• J Invasive Cardiol · Nov 2012

    Case Reports

    Coronary to bronchial artery fistula: are we treating it right?

    • Luiz Fernando Ybarra, Henrique B Ribeiro, and Whady Hueb.
    • Instituto do Coração, Hospital das Clínicas da Faculdade de Medicina, Universidade de São Paulo, Rua Peixoto Gomide 1653, São Paulo-SP, Brazil. lfybarra@gmail.com
    • J Invasive Cardiol. 2012 Nov 1; 24 (11): E303-4.

    AbstractFistulas between coronary artery and bronchial artery may be present from birth, with few hemodynamic consequences, and may remain closed due to similarity of the filling pressures at these 2 sites. They can also be secondary to pulmonary artery occlusive disease or chronic pulmonary inflammation.

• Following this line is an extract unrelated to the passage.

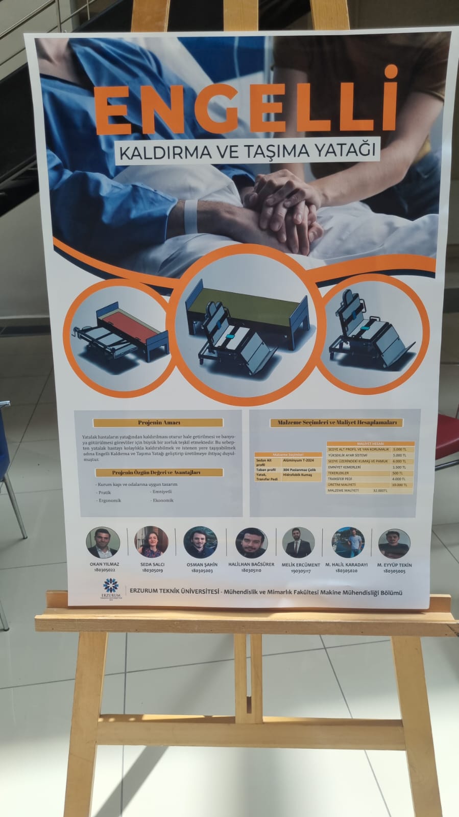 Makine tasarım dersinde son sınıf öğrenci gruplarının güncel sorunlar üzerine geliştirdikleri özgün projeler öğrencilerin ve hocalarının beğenisine sunuldu. Engelli bireyleri mümkün olduğu kadar az rahatsız ederek hareket ettirmeye yönelik tasarlanan "Engelli kaldırma ve taşıma yatağı" projesi oldukça dikkat çekti. Geliştirilen projeler ilgili kurumlarla beraber bakanlıklara proje önerisi olarak sunuldu."

These pulmonary changes may cause a dilation of the fistula and make it functional, causing angina pectoris by coronary steal syndrome, which is the most common symptom. The presentation may also be composed of episodes of hemoptysis, heart failure, and infective endocarditis. However, most patients remain asymptomatic. The ones that need treatment may not have a good response to the medical management, requiring an intervention. This can be done using embolization coils, stents grafts, and performing surgical ligation of the fistulas.